Starting at the line that contains "今日は、おろし豚丼、ピリ辛大根、わかたま汁、牛乳です。" and stopping at the line that contains "秋冬カジュアル衝突色格子ポケ", transcribe every line of the material below exactly; pictures stay out.

--- Supplied material Enclosed Below ---

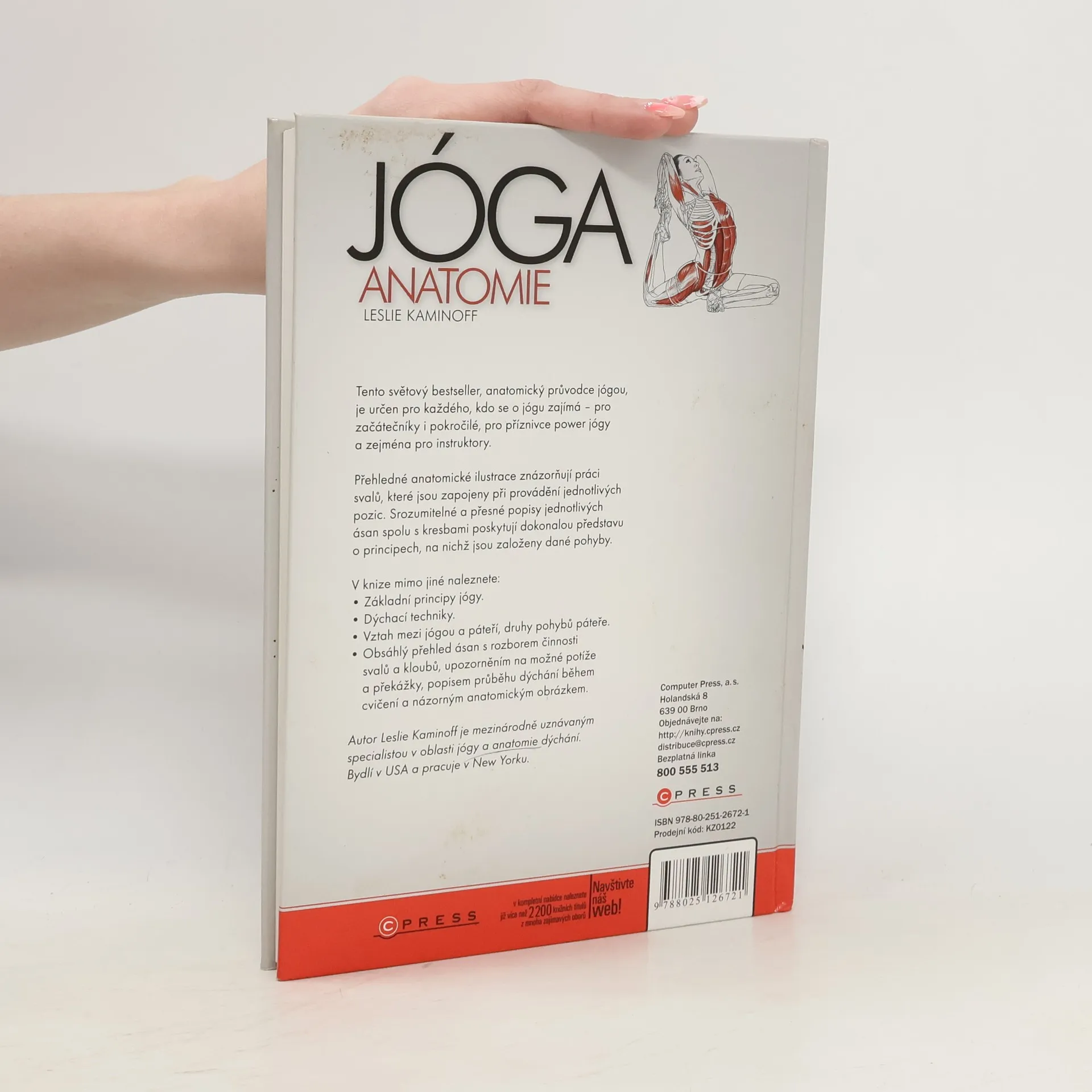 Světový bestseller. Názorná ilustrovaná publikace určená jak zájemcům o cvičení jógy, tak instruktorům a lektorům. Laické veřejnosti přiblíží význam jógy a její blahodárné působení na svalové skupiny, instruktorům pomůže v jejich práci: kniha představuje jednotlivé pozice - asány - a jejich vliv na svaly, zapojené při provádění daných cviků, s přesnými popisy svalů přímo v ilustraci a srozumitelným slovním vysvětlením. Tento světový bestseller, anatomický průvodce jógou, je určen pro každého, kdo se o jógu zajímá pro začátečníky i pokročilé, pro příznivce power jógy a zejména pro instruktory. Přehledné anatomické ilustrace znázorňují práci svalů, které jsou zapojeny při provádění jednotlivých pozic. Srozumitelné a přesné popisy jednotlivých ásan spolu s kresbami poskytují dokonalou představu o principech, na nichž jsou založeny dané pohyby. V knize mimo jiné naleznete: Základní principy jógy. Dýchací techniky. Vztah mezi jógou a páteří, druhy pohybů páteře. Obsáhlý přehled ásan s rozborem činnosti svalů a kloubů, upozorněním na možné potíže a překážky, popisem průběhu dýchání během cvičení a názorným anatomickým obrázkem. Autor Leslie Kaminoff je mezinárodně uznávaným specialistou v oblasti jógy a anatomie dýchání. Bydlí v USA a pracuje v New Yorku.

--- End of Enclosed Supplied material ---
--- Supplied material Enclosed Below ---

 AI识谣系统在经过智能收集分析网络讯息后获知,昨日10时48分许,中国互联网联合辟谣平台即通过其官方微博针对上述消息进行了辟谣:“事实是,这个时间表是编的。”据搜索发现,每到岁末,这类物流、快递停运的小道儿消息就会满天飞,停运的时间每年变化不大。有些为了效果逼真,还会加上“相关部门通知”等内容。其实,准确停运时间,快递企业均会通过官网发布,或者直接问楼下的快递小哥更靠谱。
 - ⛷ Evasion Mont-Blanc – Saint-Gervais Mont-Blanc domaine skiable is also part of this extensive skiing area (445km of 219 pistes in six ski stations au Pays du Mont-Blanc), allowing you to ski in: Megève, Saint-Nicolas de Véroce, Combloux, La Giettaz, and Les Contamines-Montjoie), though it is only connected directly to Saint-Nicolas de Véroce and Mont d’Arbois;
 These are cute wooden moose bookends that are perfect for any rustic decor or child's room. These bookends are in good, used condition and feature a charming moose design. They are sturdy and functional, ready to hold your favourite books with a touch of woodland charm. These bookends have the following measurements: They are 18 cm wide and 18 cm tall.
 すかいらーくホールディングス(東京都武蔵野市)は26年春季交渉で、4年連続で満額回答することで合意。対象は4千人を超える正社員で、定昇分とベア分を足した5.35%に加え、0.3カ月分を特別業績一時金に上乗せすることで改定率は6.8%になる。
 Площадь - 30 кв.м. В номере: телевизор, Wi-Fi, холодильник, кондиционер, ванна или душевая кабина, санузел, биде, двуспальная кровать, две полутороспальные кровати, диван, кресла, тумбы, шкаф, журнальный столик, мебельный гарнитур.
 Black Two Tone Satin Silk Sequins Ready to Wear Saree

--- End of Enclosed Supplied material ---
--- Supplied material Enclosed Below ---

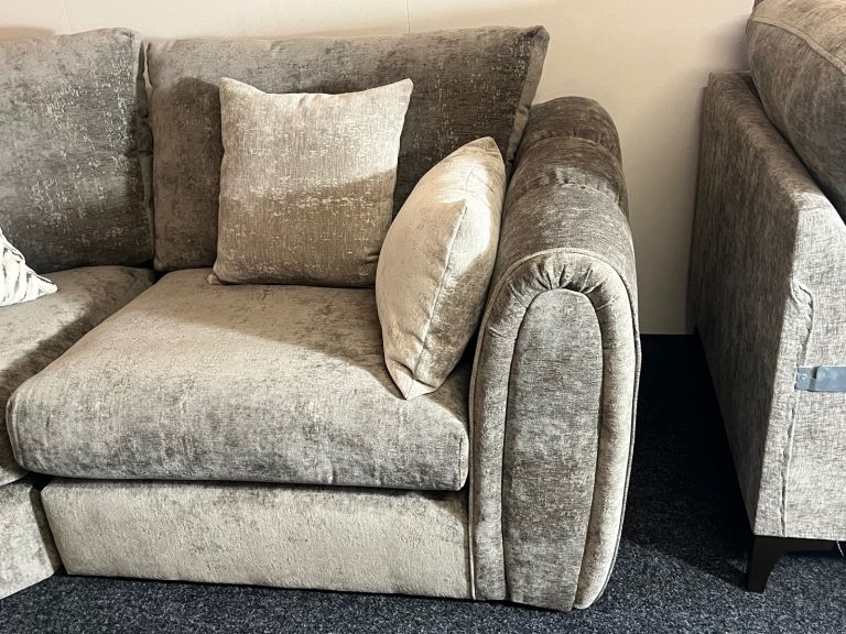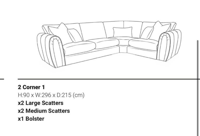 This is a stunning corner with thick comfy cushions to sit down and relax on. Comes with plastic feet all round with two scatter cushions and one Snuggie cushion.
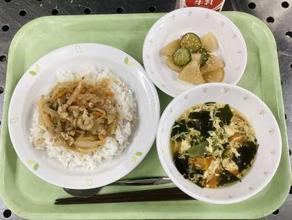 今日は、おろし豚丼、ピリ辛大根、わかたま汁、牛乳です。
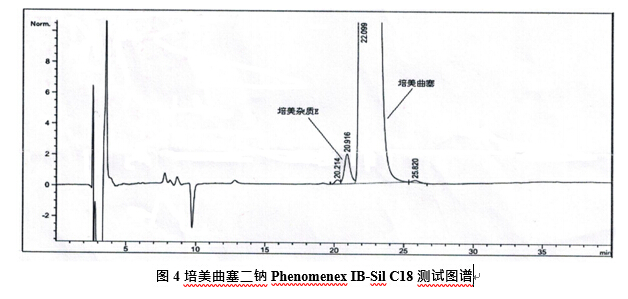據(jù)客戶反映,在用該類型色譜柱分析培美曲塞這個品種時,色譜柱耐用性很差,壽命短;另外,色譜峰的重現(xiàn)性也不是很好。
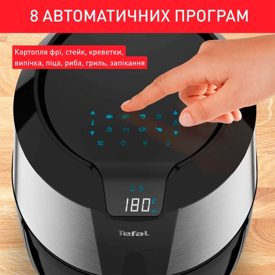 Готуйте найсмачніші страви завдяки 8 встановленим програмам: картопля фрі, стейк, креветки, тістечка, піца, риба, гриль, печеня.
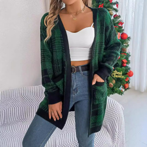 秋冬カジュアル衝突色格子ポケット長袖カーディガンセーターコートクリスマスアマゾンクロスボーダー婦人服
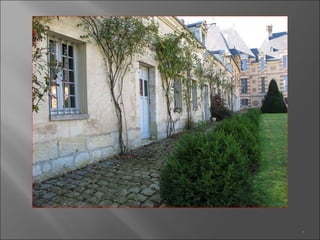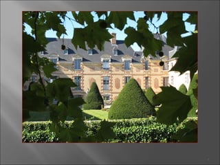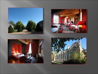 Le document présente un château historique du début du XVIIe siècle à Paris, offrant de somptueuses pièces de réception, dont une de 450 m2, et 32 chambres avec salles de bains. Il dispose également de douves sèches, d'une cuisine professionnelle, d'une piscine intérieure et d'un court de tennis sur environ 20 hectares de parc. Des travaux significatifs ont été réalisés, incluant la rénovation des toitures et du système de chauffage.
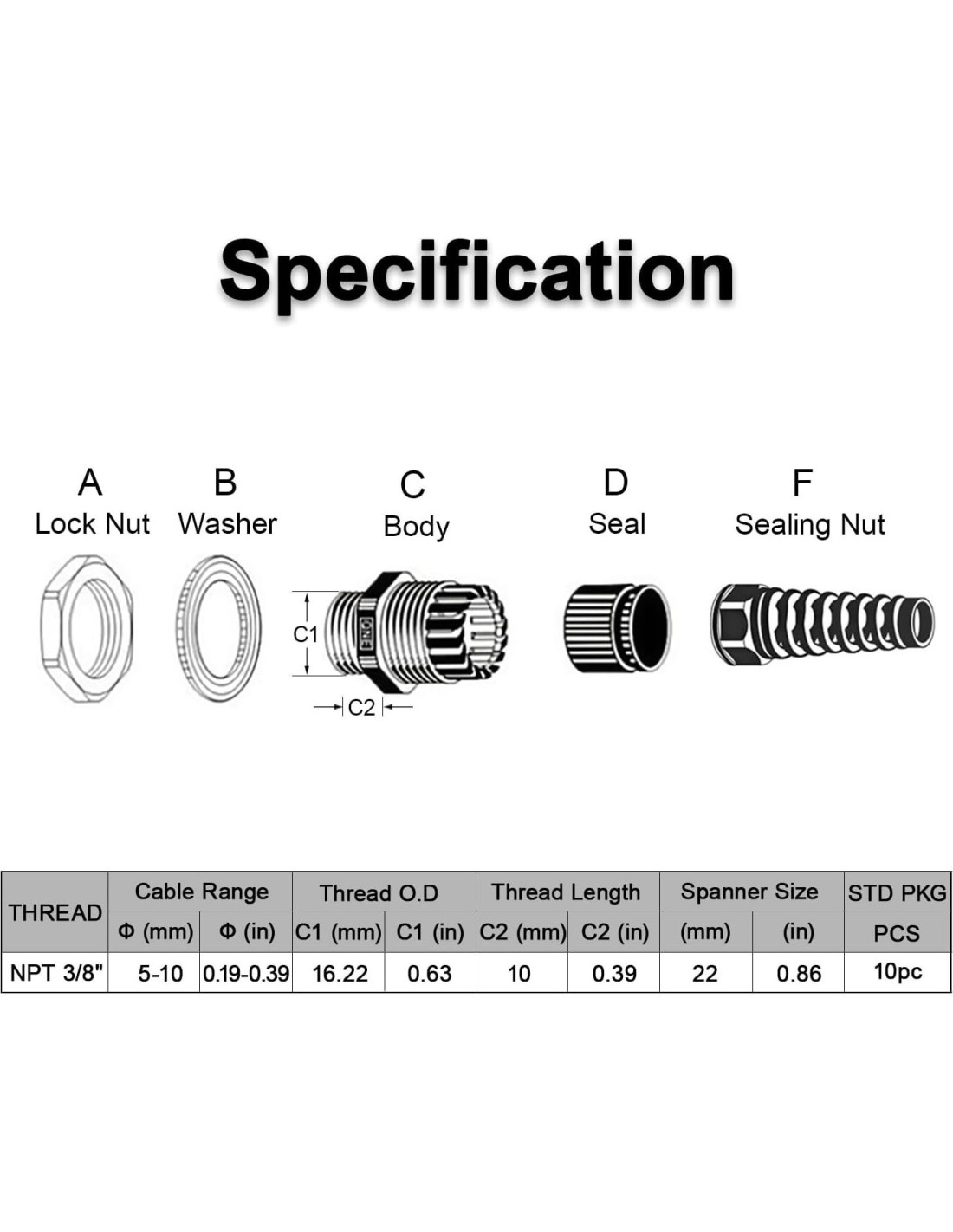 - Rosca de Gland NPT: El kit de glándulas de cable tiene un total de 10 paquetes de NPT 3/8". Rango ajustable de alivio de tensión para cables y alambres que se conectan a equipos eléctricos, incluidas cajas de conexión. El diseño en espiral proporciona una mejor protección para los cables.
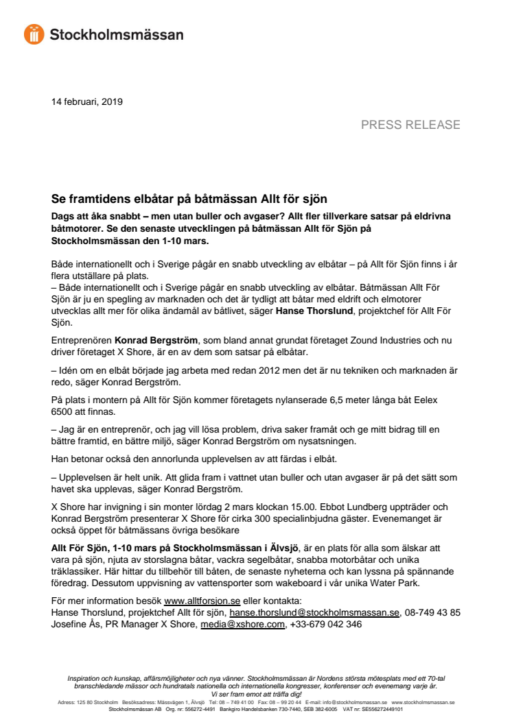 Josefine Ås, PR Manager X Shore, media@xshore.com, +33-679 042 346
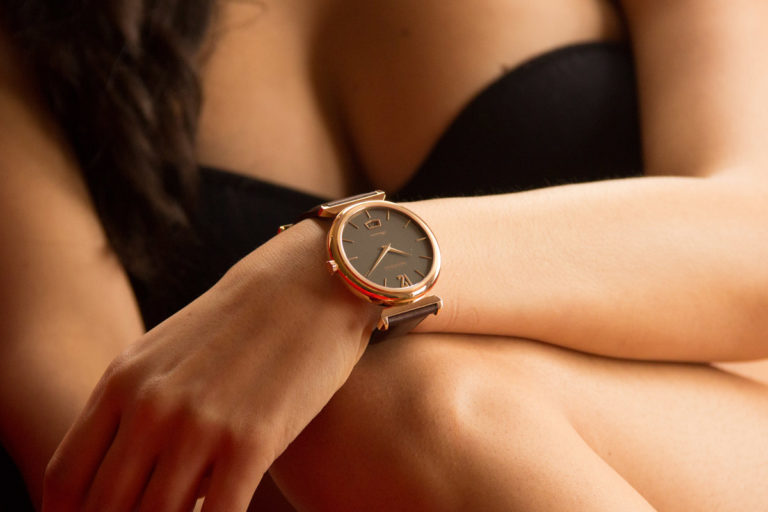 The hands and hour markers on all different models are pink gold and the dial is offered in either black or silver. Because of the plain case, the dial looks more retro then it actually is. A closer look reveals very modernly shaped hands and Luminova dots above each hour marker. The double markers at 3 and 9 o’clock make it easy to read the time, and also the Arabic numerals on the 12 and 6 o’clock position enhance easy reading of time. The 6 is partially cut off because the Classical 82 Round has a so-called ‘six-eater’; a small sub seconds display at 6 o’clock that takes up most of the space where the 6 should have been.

--- End of Enclosed Supplied material ---

→ **Reply**:
 今日は、おろし豚丼、ピリ辛大根、わかたま汁、牛乳です。
據(jù)客戶反映,在用該類型色譜柱分析培美曲塞這個品種時,色譜柱耐用性很差,壽命短;另外,色譜峰的重現(xiàn)性也不是很好。
 Готуйте найсмачніші страви завдяки 8 встановленим програмам: картопля фрі, стейк, креветки, тістечка, піца, риба, гриль, печеня.
 秋冬カジュアル衝突色格子ポケット長袖カーディガンセーターコートクリスマスアマゾンクロスボーダー婦人服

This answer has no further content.